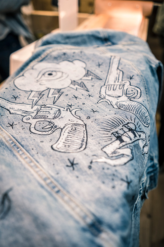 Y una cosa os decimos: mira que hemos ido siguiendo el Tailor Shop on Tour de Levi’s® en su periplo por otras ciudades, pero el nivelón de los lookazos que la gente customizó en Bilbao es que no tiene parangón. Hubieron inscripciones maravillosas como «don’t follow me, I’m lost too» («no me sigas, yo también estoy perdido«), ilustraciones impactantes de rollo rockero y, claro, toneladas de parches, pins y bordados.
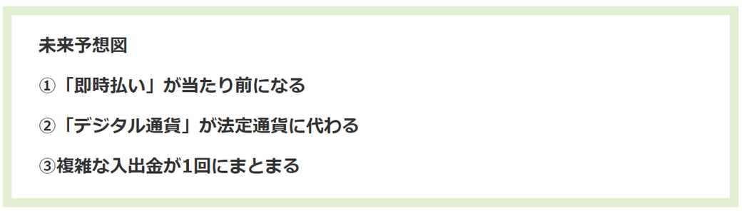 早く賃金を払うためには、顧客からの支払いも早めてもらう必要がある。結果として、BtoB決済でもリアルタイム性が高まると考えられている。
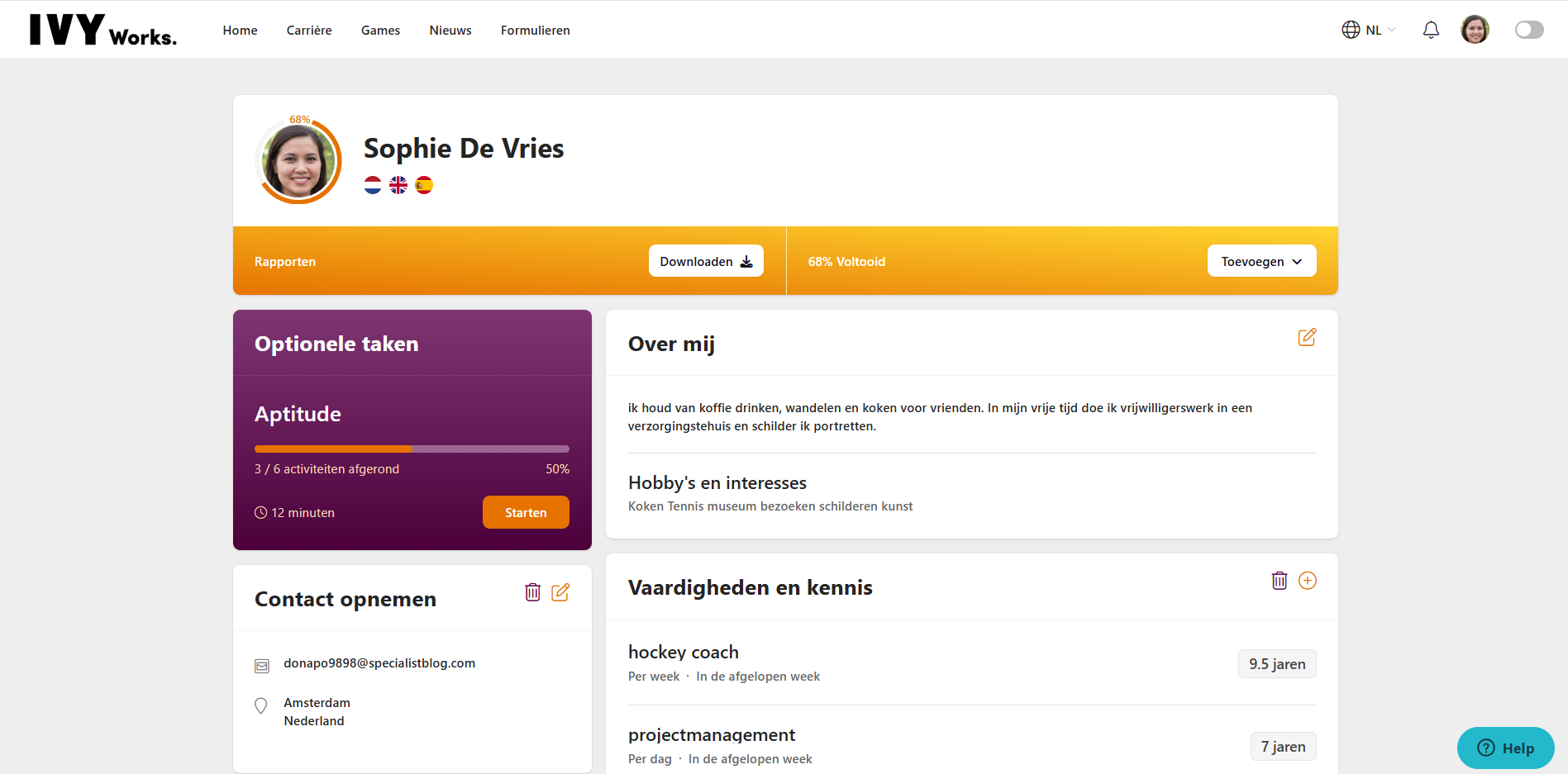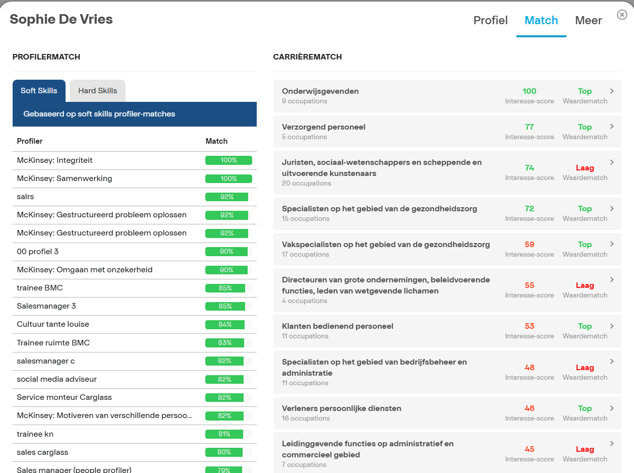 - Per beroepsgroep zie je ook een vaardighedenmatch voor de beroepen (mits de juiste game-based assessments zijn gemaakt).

What you need to do: Your output should be the lines from the one with "早く賃金を払うためには、顧客" through the end of the listing, copied exactly and with the pictures left out.

Output for this task:
 早く賃金を払うためには、顧客からの支払いも早めてもらう必要がある。結果として、BtoB決済でもリアルタイム性が高まると考えられている。
 - Per beroepsgroep zie je ook een vaardighedenmatch voor de beroepen (mits de juiste game-based assessments zijn gemaakt).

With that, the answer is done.